Piden retirar el juguete "squeezy" por riesgo cancerígeno
La Cámara del Juguete emitió una advertencia sobre el juguete viral "squeezy", que contiene sustancias cancerígenas. Se solicita su retiro del mercado en todo el país.

La Cámara del Juguete ha alertado sobre la presencia de sustancias cancerígenas en el popular juguete conocido como "squeezy", que ha cobrado gran popularidad entre los niños. A raíz de esto, se ha solicitado a las autoridades la prohibición de su venta a nivel nacional. Esta solicitud surge tras la constatación de que el juguete ya ha sido retirado del mercado en varios países por razones similares.
Los "squeezy" son juguetes blandos y manipulativos que se suelen usar para aliviar el estrés o la ansiedad, pero su uso ha sido limitado en distintas jurisdicciones debido a los riesgos que presentan para la salud de los menores.

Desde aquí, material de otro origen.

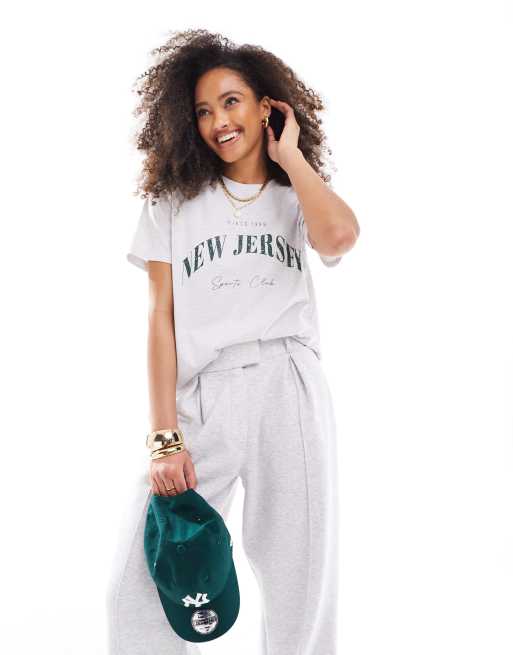 ASOS DESIGN – T-shirt o regularnym kroju w szarym melanżowym kolorze z napisem New Jersey
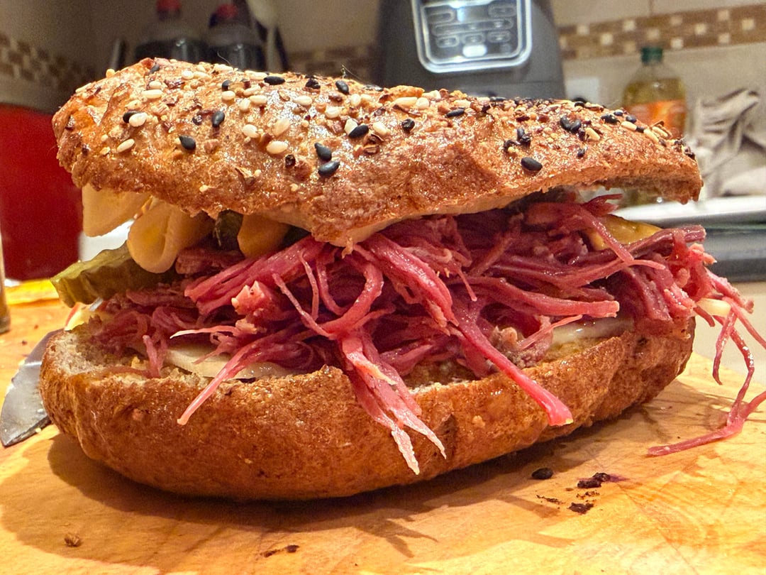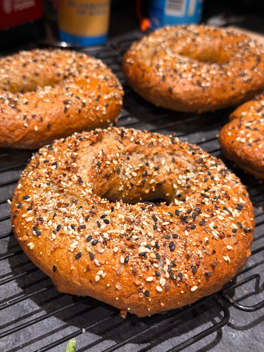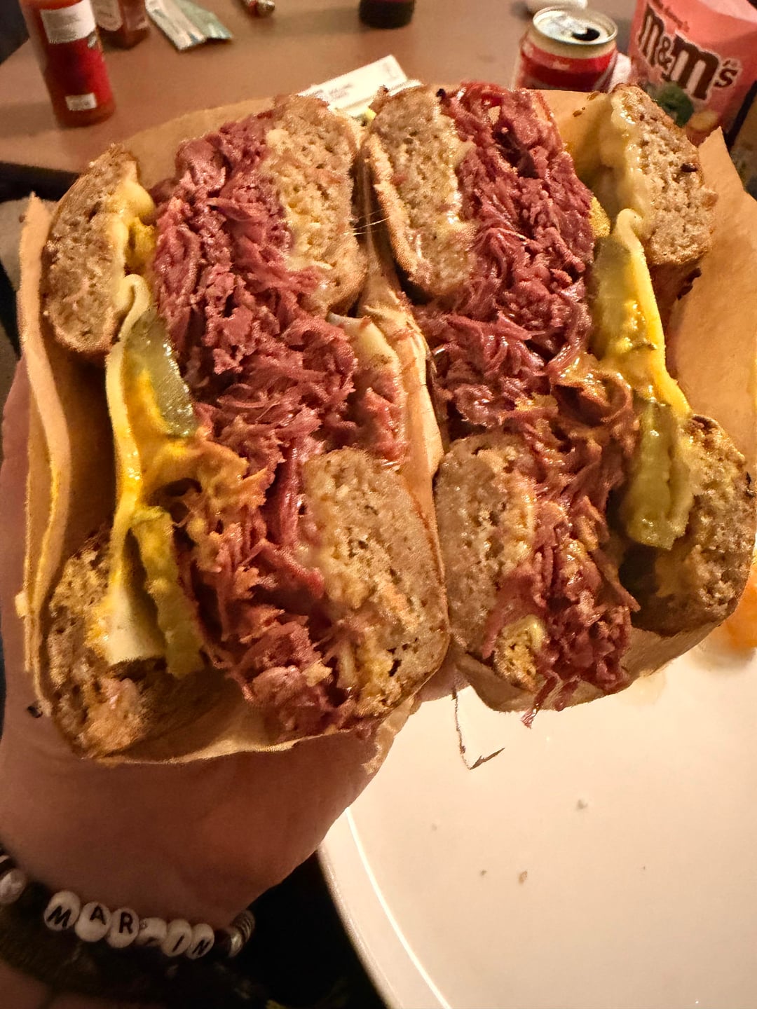[homemade] 50/50 white and Rye bagels with everything seasoning. With salt beef, pickles, mustard and cheese.

El componente cancerígeno que se detectó en su fabricación genera preocupación tanto en padres como en organismos de salud pública.
Las advertencias sobre los riesgos de este tipo de juguetes no son nuevas, y ha habido un creciente enfoque en la seguridad infantil frente a productos que podrían comprometer la salud. En este contexto, las cámaras que agrupan a los fabricantes y comerciantes de juguetes han empezado a impulsar medidas más rigurosas para garantizar la seguridad de sus productos ante la demanda de un mercado cada vez más concienciado.
Además de la prohibición del "squeezy" en otros países, esta situación ha reavivado el debate sobre la regulación de juguetes en Argentina, donde muchos productos aún no cuentan con normas estrictas sobre seguridad y composición. Las autoridades sanitarias y de consumo deberán evaluar la gravedad de las denuncias y tomar acciones acorde para proteger a los consumidores.
Este caso es un ejemplo del desafío que enfrenta la industria juguetera en la actualidad, donde el mercado de juguetes se expande rápidamente y muchas veces sin suficiente regulación. Por otro lado, este fenómeno también demuestra el poder de la información y la presión social en la protección de los derechos de los consumidores.